New things started to stand out to me; a crow standing, a flower blooming - things that in the past might have gone unnoticed. When you are walking and focused on every step it helps you understand how much you miss in daily life. The idea of slowing down and focusing became very true for me. I am using that as I go forward, to be more focused and present.
You plan to go back next year for another attempt? What will you do differently this time around?
I am doing a different trek along the Annapurna trail, another mountain range on the western part of Nepal. I want to get to 16,000 feet so I am working on better acclimatization and preparing for that physical challenge.
Annapurna has a lot more culture involved along the way and it is a longer trek. I believe it is 150 miles and it is a 16- or 17-day journey. I would love to take more people along. I think it would make a great LGW trip and would love to go with other members.
I will head back in early March of 2021 for three weeks. Annapurna is really exciting. Plus, it is not expensive! The most expensive thing is the flight. While you are there it is only $100 per day for the guide, the meals, and the overnight stays.
Was getting there difficult due to travel restrictions?
I had to get my Visa from the Embassy of Nepal. I went to the embassy and begged them for it, and they gave it to me. You have to be tested for COVID before you get on the plane, again when you get to the path, and yet again on the way back. During my time on the trek, after I arrived at the little village you fly into, I never wore a mask once. Most of the locals didn’t know what COVID was aside from the fact that it had damaged their businesses.
Before I went, I did have some hesitation about the dangers of contracting COVID. But I am blessed to be healthy, so that is a big plus. Once I got to Dulles Airport all of those concerns evaporated. I took pictures of the corridors and not one person could be seen.
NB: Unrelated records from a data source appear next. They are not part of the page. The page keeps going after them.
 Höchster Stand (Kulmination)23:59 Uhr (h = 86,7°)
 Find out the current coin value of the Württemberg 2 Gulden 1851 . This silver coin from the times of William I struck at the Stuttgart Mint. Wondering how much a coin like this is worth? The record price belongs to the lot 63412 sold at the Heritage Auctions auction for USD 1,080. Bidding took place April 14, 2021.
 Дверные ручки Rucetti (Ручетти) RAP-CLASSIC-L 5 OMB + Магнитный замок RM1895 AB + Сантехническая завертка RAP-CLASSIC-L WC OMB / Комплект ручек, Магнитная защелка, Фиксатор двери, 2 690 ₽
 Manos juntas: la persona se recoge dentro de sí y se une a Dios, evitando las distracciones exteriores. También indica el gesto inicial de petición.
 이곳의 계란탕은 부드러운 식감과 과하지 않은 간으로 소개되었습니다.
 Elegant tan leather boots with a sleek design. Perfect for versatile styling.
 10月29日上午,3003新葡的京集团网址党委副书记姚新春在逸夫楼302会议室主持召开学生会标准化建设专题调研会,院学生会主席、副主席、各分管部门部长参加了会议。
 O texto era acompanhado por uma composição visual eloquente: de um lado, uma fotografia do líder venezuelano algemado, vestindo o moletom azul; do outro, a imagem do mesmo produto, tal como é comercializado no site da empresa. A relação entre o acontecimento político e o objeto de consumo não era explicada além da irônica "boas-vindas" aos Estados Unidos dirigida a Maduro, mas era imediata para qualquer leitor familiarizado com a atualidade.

There was plenty of distancing. Everyone was in hazmat suits. There was no chance of getting anything on the planes, which was my biggest concern. There was a sense of comfort in the way people were handling themselves.
When I got to Nepal it was a bit more chaotic, people weren’t paying close attention to social distancing. Masks were worn as chin straps in a lot of cases. But I decided that I am not going to stop living because of this pandemic. I wanted to do this trek in a way that is responsible and mindful. I felt like it was now or never. I don’t know how physically fit I am going to be in a few years. I felt that the window of opportunity was shrinking.
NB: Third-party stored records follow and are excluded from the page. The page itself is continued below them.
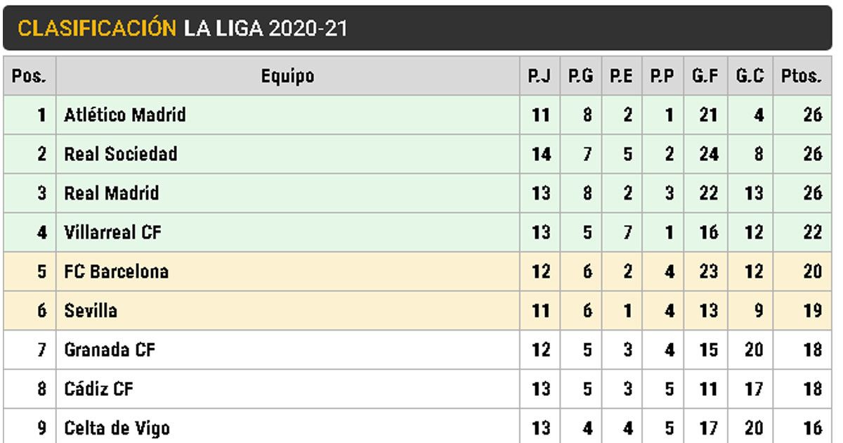 Tras el inicio de LaLiga, jugado por los cuatro equipos que se enfrentarán en la Supercopa de España A principios de enero, la clasificación de la competencia era un poco más ajustada. La victoria del Real Madrid le dejó como colíder de la competición, junto con Atlético de Madrid y Real Sociedad, Sin embargo él FC Barcelona Alcanzó posiciones europeas tras la victoria por 2-1 en el Camp Nou ante el equipo dirigido por Imanol Alguacil.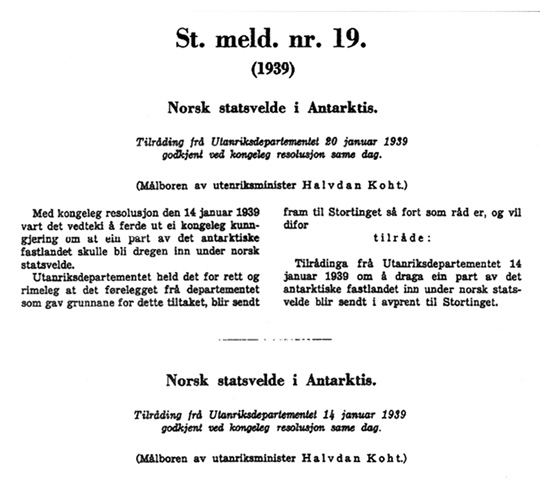 «Kongen samtykkjer og skriv under eit framlagt utkast til kongeleg kunngjering om at den parten av fastlandsstranda i Antarktis som tøyer seg ifrå grensa for Falkland Islands Dependencies i vest (grensa for Coats Land) til grensa for Australian Antarctic Dependency i aust (45° austleg lengd) med det landet som ligg innafor denne stranda og det havet som ligg innåt, blir dregen inn under norsk statsvelde».
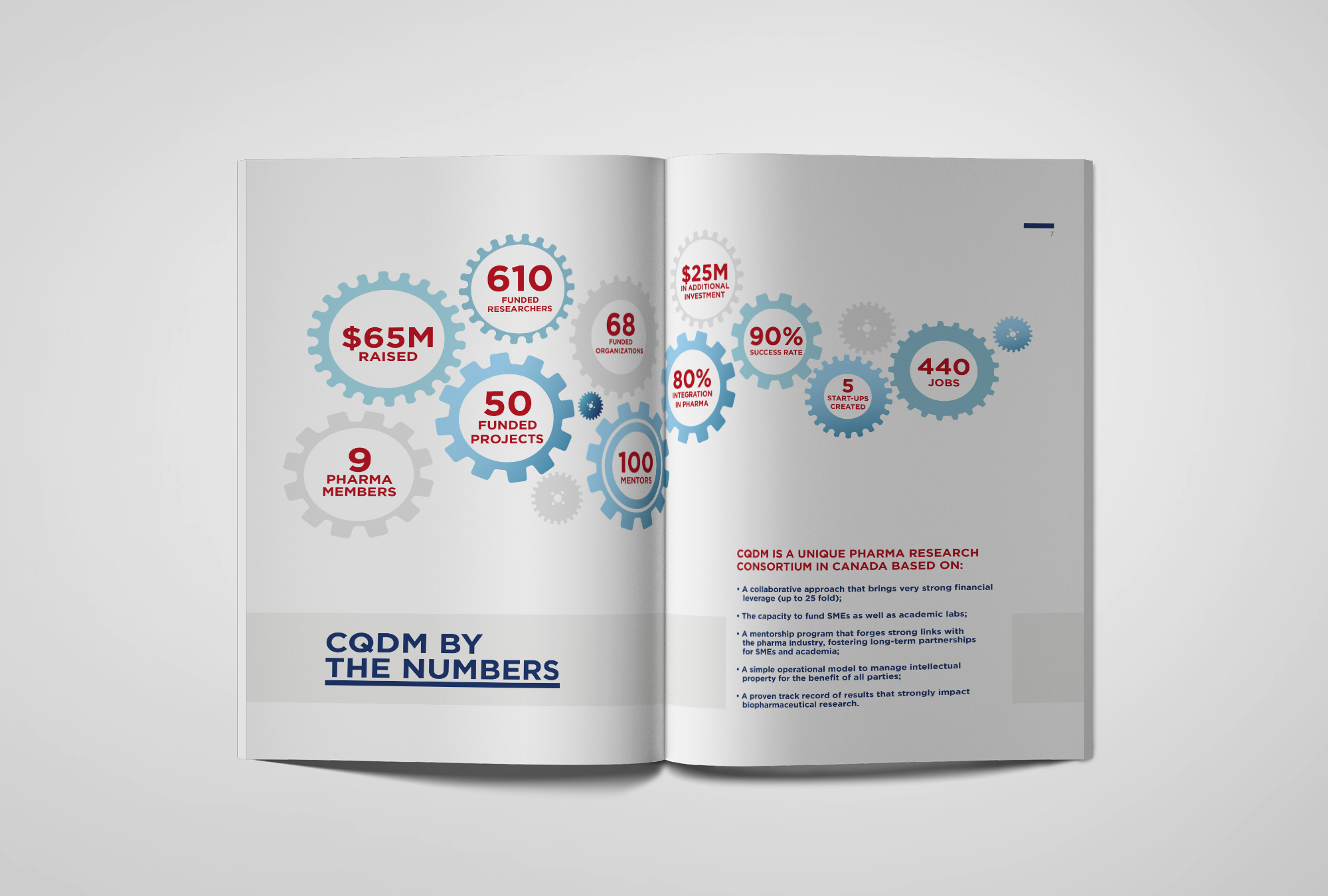 En collaboration avec le studio de design La Camaraderie à Montréal. Réalisation du rapport annuel pharmaceutique du groupe CQDM.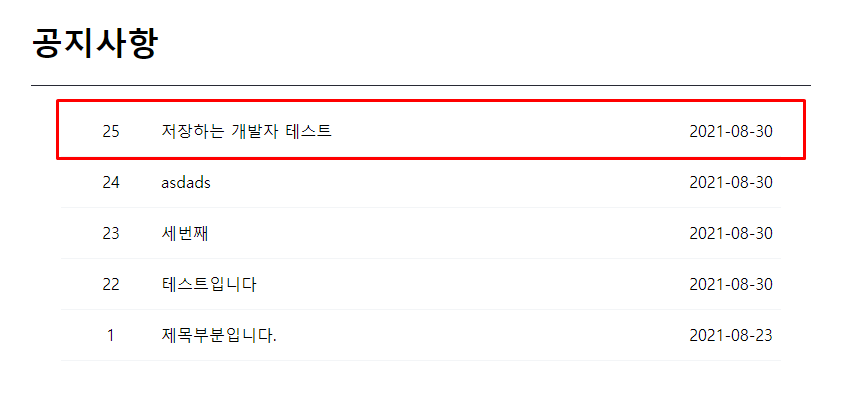 이번에는 공지사항 목록 조회, 공지사항 글쓰기, 공지사항 글 상세 페이지작업입니다.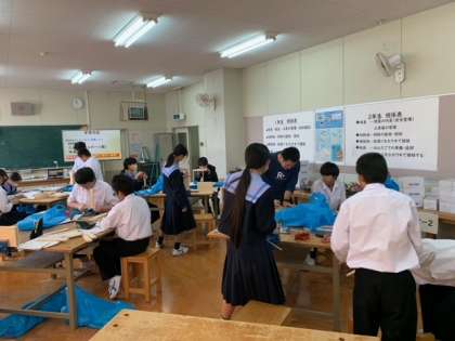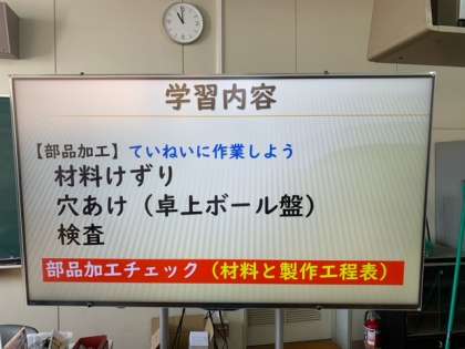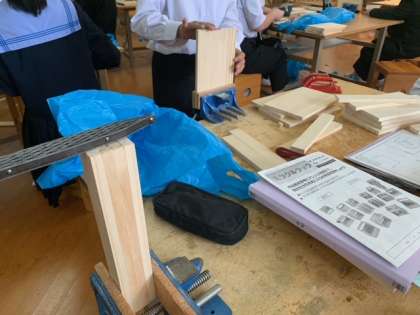 家庭科と半分に分かれての授業です。本立を作成しています。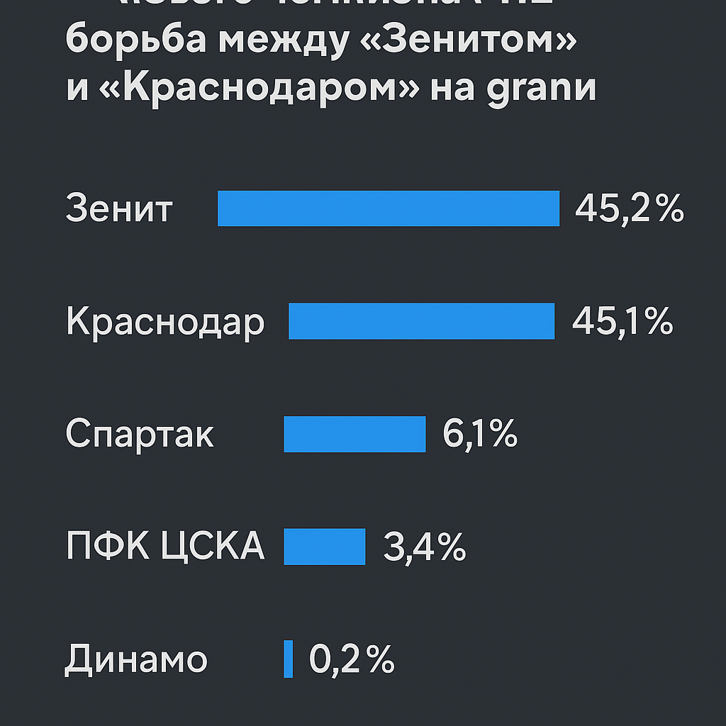 По оценкам суперкомпьютера, петербургский клуб имеет 45,2% вероятности стать чемпионом, а «быки» из Краснодара — 45,1%. Разница — всего 0,1%, что говорит о максимально плотной конкуренции. Несмотря на то что «Краснодар» лидирует в таблице с 52 очками, а «Зенит» идёт вторым с 50, аналитическая модель отдает минимальное предпочтение команде Сергея Семака, исходя из статистики и ожидаемых результатов оставшихся матчей.

I am grateful that I made the decision to go. The scenery is gorgeous. It goes through beautiful villages and the most exquisite mountains and typography and bridges. It looked almost like a classic Disney movie. I had never done a journey like this. With most trails I have been on, the rocks are well-packed, and the bridges are well laid out. Everest is much more challenging but doable. It just requires a fair amount of training. You don’t have to be an athlete. In 6 to 8 months, you can prepare. It is one of those things you can do in many different ways.
Right, but what about for those afraid of heights?
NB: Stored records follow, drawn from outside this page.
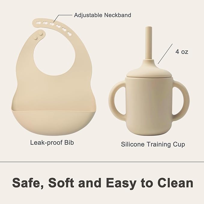 - Baby LED Weaning Supplies: Our silicone bibs are designed with deeper, stronger pockets that catch dropped food very effectively and are easy to clean. The adjustable round design is extra gentle on baby's skin. Our training cups are crafted to fit snugly in baby's little hands and mouth, protecting their developing teeth. Helps babies transition from breastfeeding to independent drinking.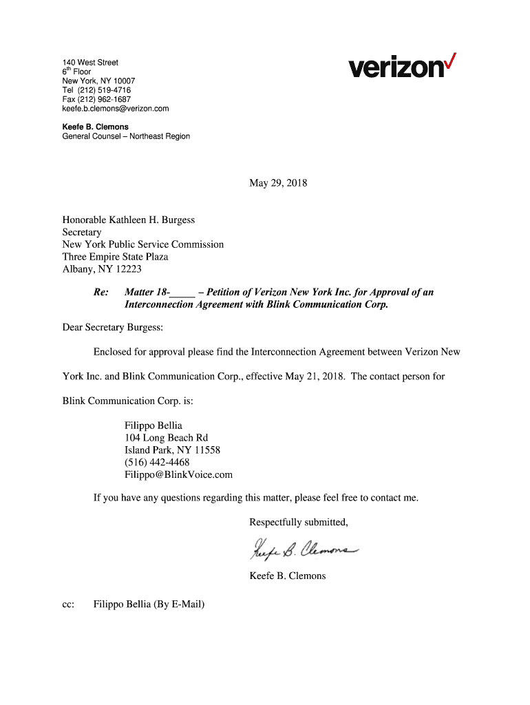 140 West Street TH 6 Floor New York, NY 10007 Tel (212) 5194716 Fax (212) 9621687 Keeffe.b. Clemons verizon.com Keeffe B. Clemons General Counsel Northeast Region May 29, 2018Honorable Kathleen H.
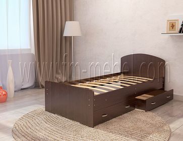 Каркас кровати изготовлен из ЛДСП 16 мм. На спинка мягкий Т-образный мебельный кант отличающейся своей надёжностью и долговечностью.Кровать надёжная, собирается на металлические уголки. Под ламели устанавливаются МДФ планки Ящики на колёсиках, катаются по полу Купить одноместную кровать в СПб недорого из подборки нашего каталога. None Страна производства: Россия Возможен самовывоз. Есть доставка.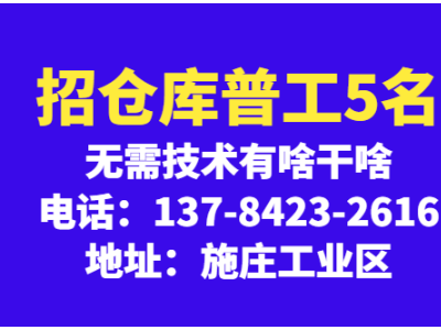 仓库普工5名(无需技术有啥干啥)

Actually, my own fear of heights is really pretty serious. My knees get weak, my hands sweat. For me, heights are really scary. You have to trick your mind to focus on something specific on the path like a rock or a branch. If I looked to the left, there would be a drop. There are metal bridges that are up to 1000 feet high, that are clanky, they sway with the wind. But when you are walking on 3-foot paths and there is a 1000-foot drop – you are focused.
Andy kept a journal of his trip that beautifully captures the experience and covers the challenges, victories, and moments of clarity and joy along the trek. You can read his Nepal Chronicles on the Busboys and Poets blog. If you are thinking about following a dream, there is no time better than the present.